Exercise directions → The reply should contain every line of the data, repeated exactly, and no pictures.

[Saved data entries]
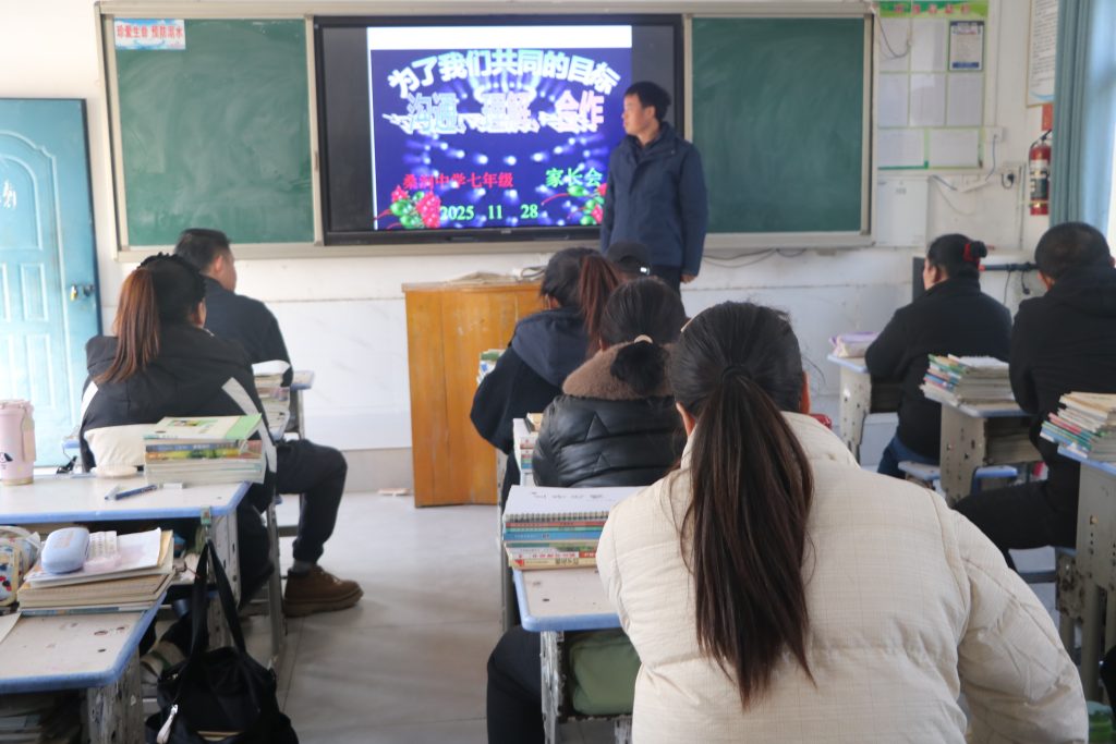~ 11月28日,定远县桑涧初中召开以“家校共育促成长”为主题家长会,搭建家校共育平台,合力共促学生成长。家长会分班级召开,全体家长和学生参加会议。
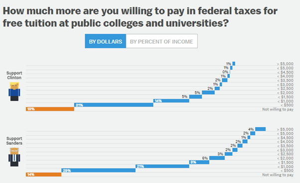 Sanders supporters want free public college tuition but 14 percent said they don’t want to pay additional taxes for it; another half said they would only pay up to $1,000 a year!
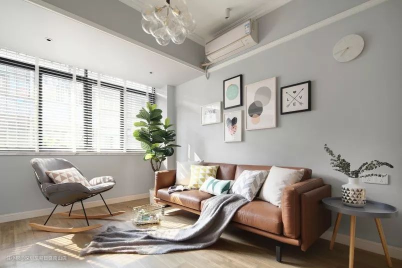 常见的皮沙发也适用这种配色方案,比如“中性色靠垫+几何靠垫”组。
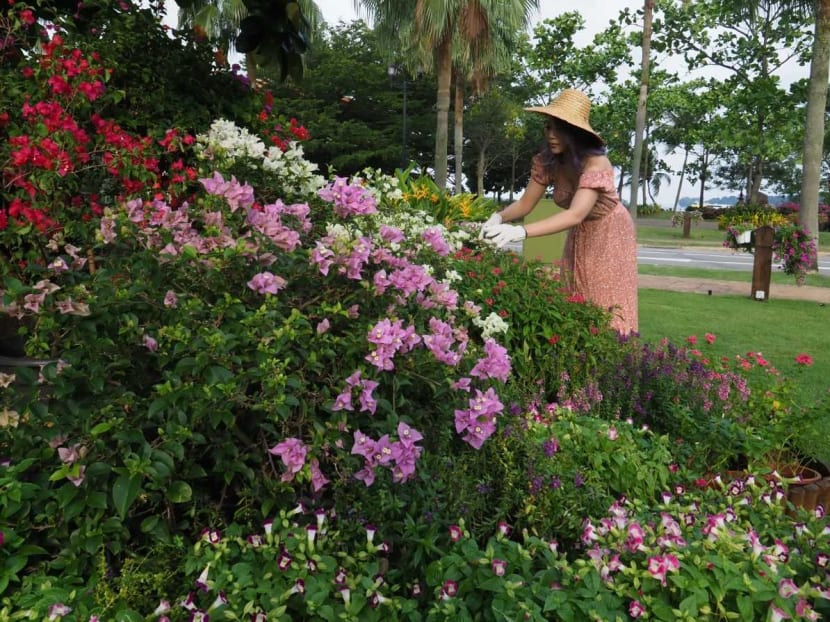 A resident tending to flowers in the contentious garden, which is on a plot that is common property in Sentosa South Cove. Photo: Raj Nadarajan/TODAY
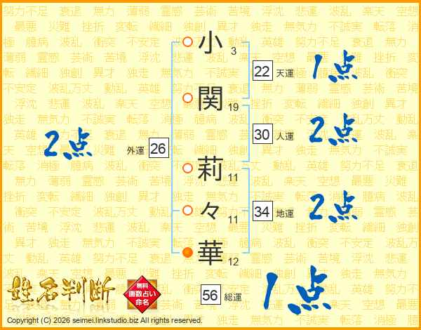 小関莉々華さんの総運は56画の1点!
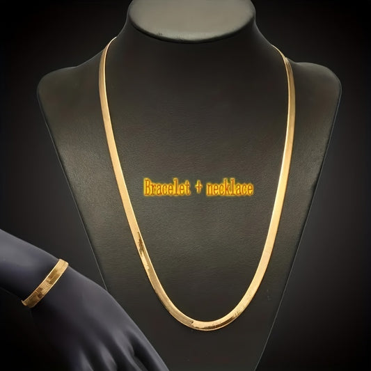 [Luxurious Hip Hop Set] Exquisite Luxurious Hip Hop Set - Fashionable Necklace And Bracelet Combination - Durable Golden Snake Chain Design, Suitable For Sparkling At Parties, Perfectly Enhancing Style As A Gift For Family And Friends
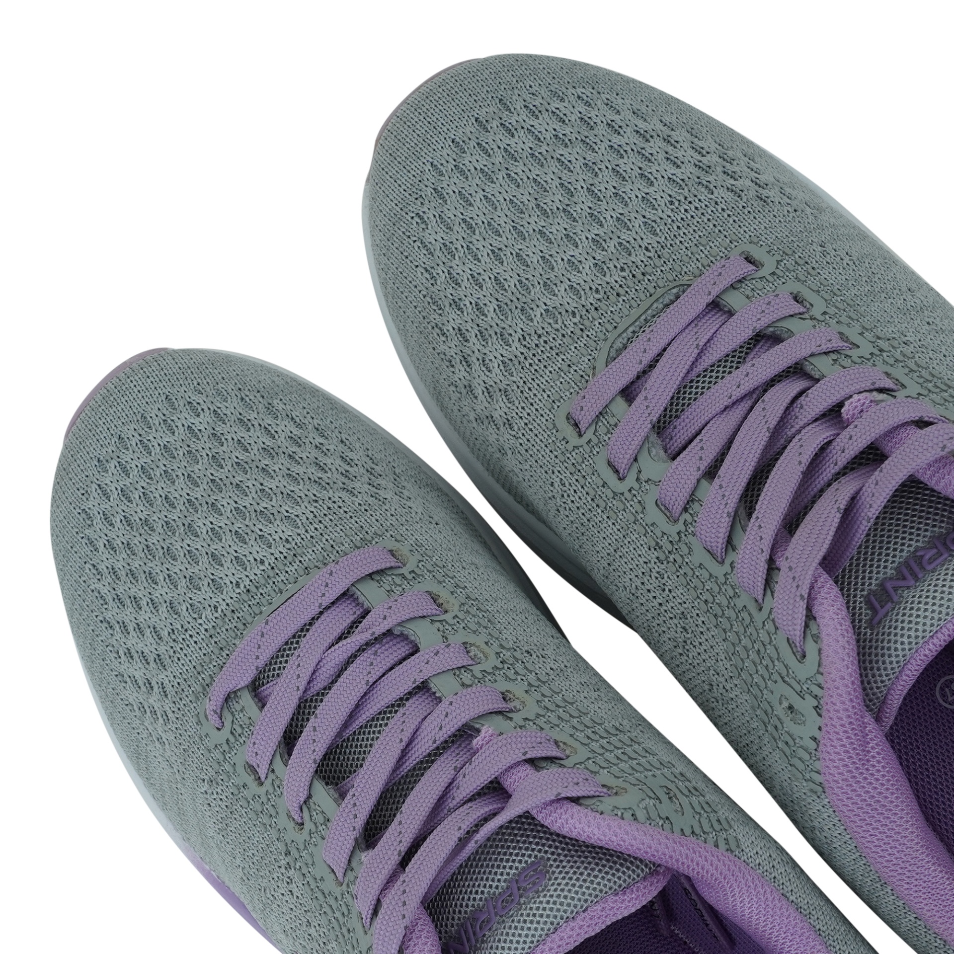The Sprint Women’s Sports Shoe combines comfort and performance for an active lifestyle. Crafted with a breathable mesh upper, it provides flexibility and ventilation, while the EVA sole ensures lightweight cushioning and reliable support. The lace-up design allows a secure and adjustable fit, perfect for workouts, errands, or casual wear. This pair comes in grey with a soft lavender lining, adding a subtle, stylish touch to your sporty look.

Task answer →
~ 11月28日,定远县桑涧初中召开以“家校共育促成长”为主题家长会,搭建家校共育平台,合力共促学生成长。家长会分班级召开,全体家长和学生参加会议。
 Sanders supporters want free public college tuition but 14 percent said they don’t want to pay additional taxes for it; another half said they would only pay up to $1,000 a year!
 常见的皮沙发也适用这种配色方案,比如“中性色靠垫+几何靠垫”组。
 A resident tending to flowers in the contentious garden, which is on a plot that is common property in Sentosa South Cove. Photo: Raj Nadarajan/TODAY
 小関莉々華さんの総運は56画の1点!
 [Luxurious Hip Hop Set] Exquisite Luxurious Hip Hop Set - Fashionable Necklace And Bracelet Combination - Durable Golden Snake Chain Design, Suitable For Sparkling At Parties, Perfectly Enhancing Style As A Gift For Family And Friends
The Sprint Women’s Sports Shoe combines comfort and performance for an active lifestyle. Crafted with a breathable mesh upper, it provides flexibility and ventilation, while the EVA sole ensures lightweight cushioning and reliable support. The lace-up design allows a secure and adjustable fit, perfect for workouts, errands, or casual wear. This pair comes in grey with a soft lavender lining, adding a subtle, stylish touch to your sporty look.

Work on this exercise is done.